One of the main concerns about type 2 diabetes is its association with the higher risk for several serious health conditions, including cardiovascular (heart and blood vessel) disease, kidney disease, and liver disease. However, fewer people are aware that diabetes may also have an impact on joint health.
Several members of DiabetesTeam have described having joint issues:
About 10.5 percent of Americans (34 to 36 million people) are estimated to have type 2 diabetes. However, the global prevalence of type 2 diabetes among people with psoriatic arthritis (PsA) may be as high as 20.2 percent. Research is ongoing to better understand the connection, but here’s what is currently known about why people with diabetes may be at higher risk of developing psoriatic arthritis.
Psoriasis is an autoimmune condition that primarily affects the skin. About 30 percent of people with psoriasis also develop inflammation in the joints, a condition known as psoriatic arthritis. PsA symptoms can appear at any time, but they most often start around 10 years after psoriasis first develops.
Some common symptoms of psoriatic arthritis include:
In some cases, symptoms of psoriatic arthritis may appear before other signs of psoriasis. If you notice joint pain, swelling, or stiffness, consult your health care provider to determine if psoriatic arthritis could be the cause.
People with psoriatic arthritis are typically advised to see a rheumatologist to address their symptoms. Primary goals of treatment usually focus on managing pain, reducing inflammation, and slowing joint damage.
Diabetes and psoriatic arthritis are both chronic diseases. There are two types of diabetes: type 1 and type 2. Psoriatic arthritis is most often associated with type 2 diabetes.
Psoriatic arthritis is linked to insulin resistance, which is a main factor of type 2 diabetes. Skin and joint inflammation, both common in PsA, can also affect blood glucose (blood sugar) levels. Blood sugar metabolism is how the body uses sugar for energy, and problems with this process are central to diabetes. Type 2 diabetes usually develops when the body has difficulty managing blood sugar properly.
The combination of diabetes and psoriatic arthritis can prove difficult. One DiabetesTeam member shared, “I have psoriatic arthritis as well as diabetes, and sometimes it really challenges me.”
The exact link between psoriatic arthritis and diabetes is still being studied.

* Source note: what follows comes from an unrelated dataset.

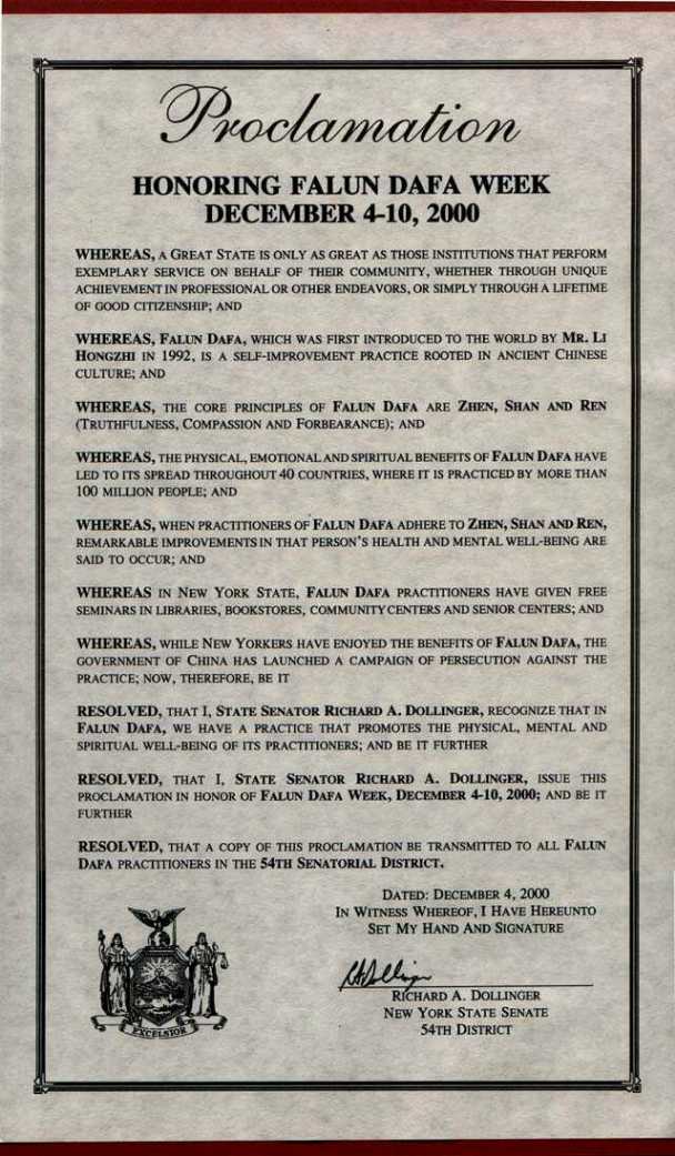 纽约州议员褒奖法轮大法并宣布“法轮大法周”

Researchers believe that several factors may contribute to the higher rates of diabetes in people with PsA, including genetics, lifestyle factors, and inflammation.
Research suggests that certain genes may increase a person’s risk for both diabetes and psoriatic arthritis, making them more likely to develop one or both conditions.
Obesity, diagnosed in those with a body mass index (BMI) of 30 or higher, is a common risk factor for both diabetes and psoriatic arthritis. However, joint pain and stiffness from psoriatic arthritis can make it hard to stay active, creating a cycle: Reduced physical activity can lead to weight gain, which then increases the risk of diabetes.
Staying active may be challenging, but it’s important for managing weight and preventing diabetes. Keeping a healthy BMI and active lifestyle can help protect your joints, maintain flexibility, and reduce long-term damage.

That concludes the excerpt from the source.